§ WHAT THE TASK REQUIRES
Retype every line from the start of the entries below down to the line with "Manter suas joias", both ends included; skip the pictures.

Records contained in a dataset
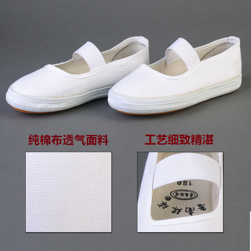 学生白布鞋幼儿园女童小白鞋儿童体操鞋舞蹈演出鞋宝宝白色帆布鞋
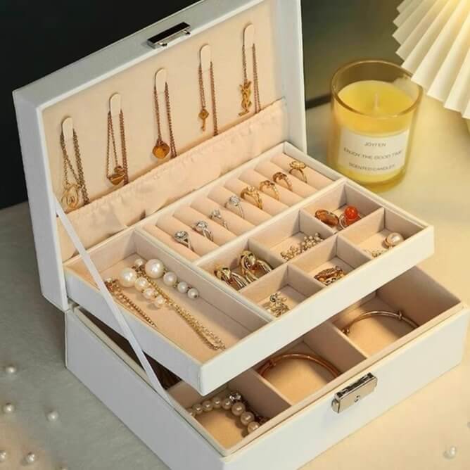 Manter suas joias organizadas e protegidas nunca foi tão fácil! A Maleta Porta-Joias Cabana Real oferece o espaço ideal para guardar seus acessórios com segurança e elegância.
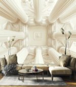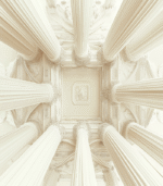 A stunning upward view of ornate classical columns and intricate ceiling details, showcasing architectural grandeur and elegance in a soft, monochromatic palette.
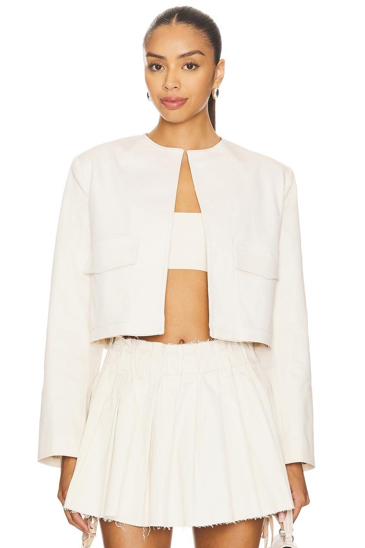This cropped jacket features a minimalist design in off-white cotton twill with a round neck and long sleeves. Its regular fit is complemented by padded shoulders with epaulettes, adding subtle structure and texture. The open front styling and front pouch pockets provide easy wear and practical functionality. Ideal for spring and autumn, this versatile piece suits casual outings, workwear, and brunch occasions, elevating simple looks with its clean lines and classic appeal.
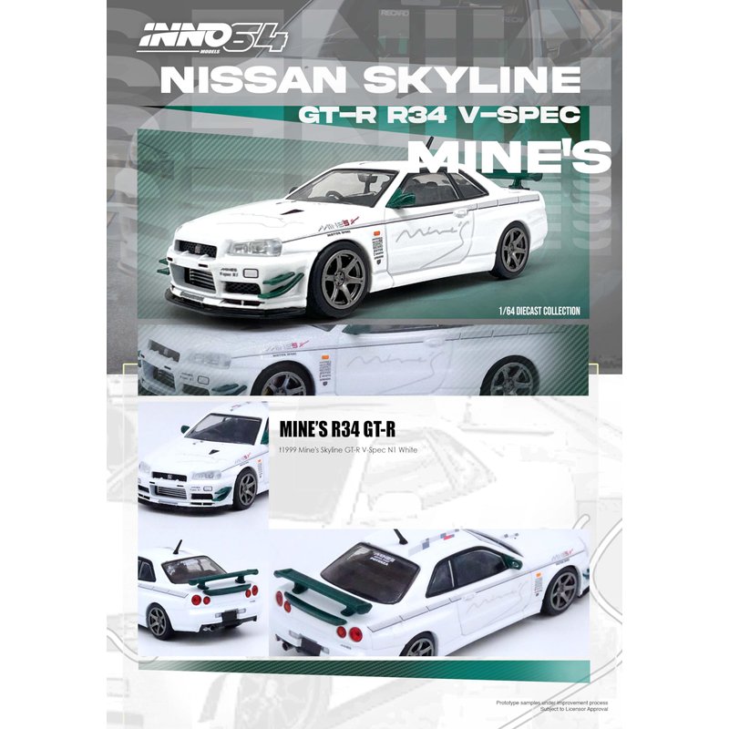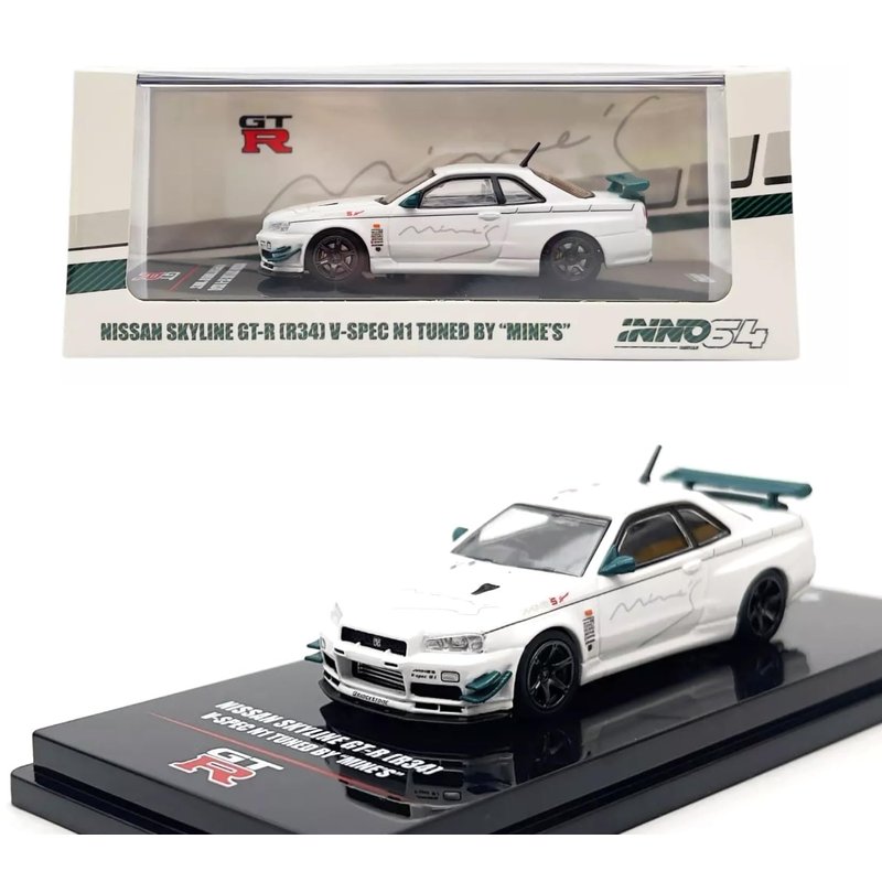 1:64 Scale Diecast Model Car Compatible with Inno64 Nissan Skyline GT-R R34 V-Spec N1 Tuned By MINE'S Limited Edition IN64-R34VS-MINES
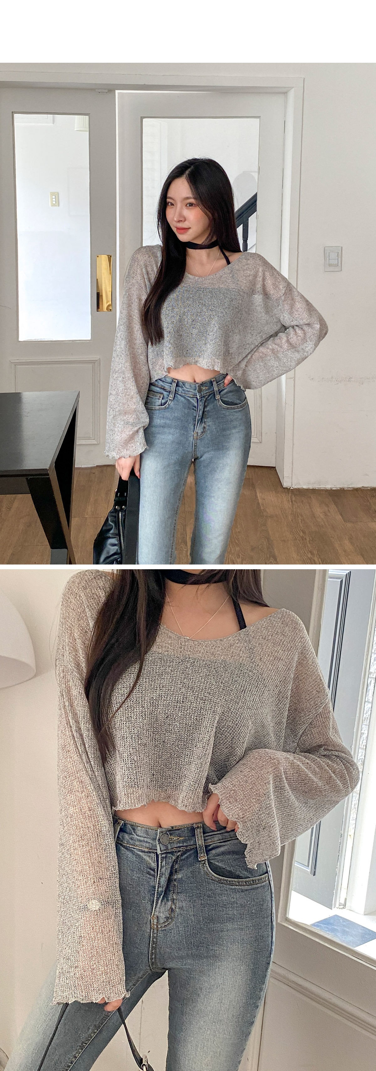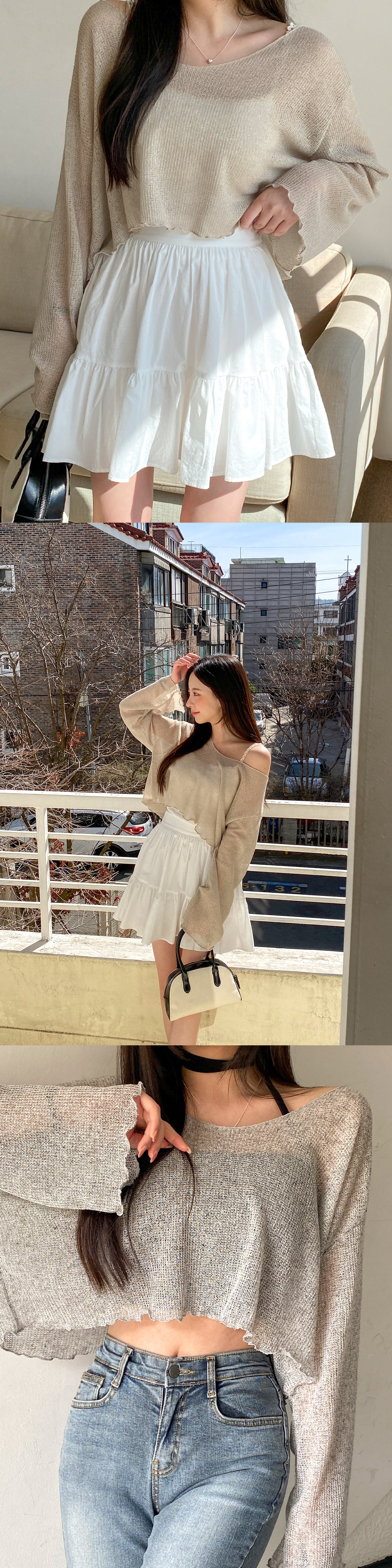 여성 봄여름 루즈핏 시스루 크롭 레이어드 얇은 니트 티

§ SOLUTION FOR THIS EXERCISE
 学生白布鞋幼儿园女童小白鞋儿童体操鞋舞蹈演出鞋宝宝白色帆布鞋
 Manter suas joias organizadas e protegidas nunca foi tão fácil! A Maleta Porta-Joias Cabana Real oferece o espaço ideal para guardar seus acessórios com segurança e elegância.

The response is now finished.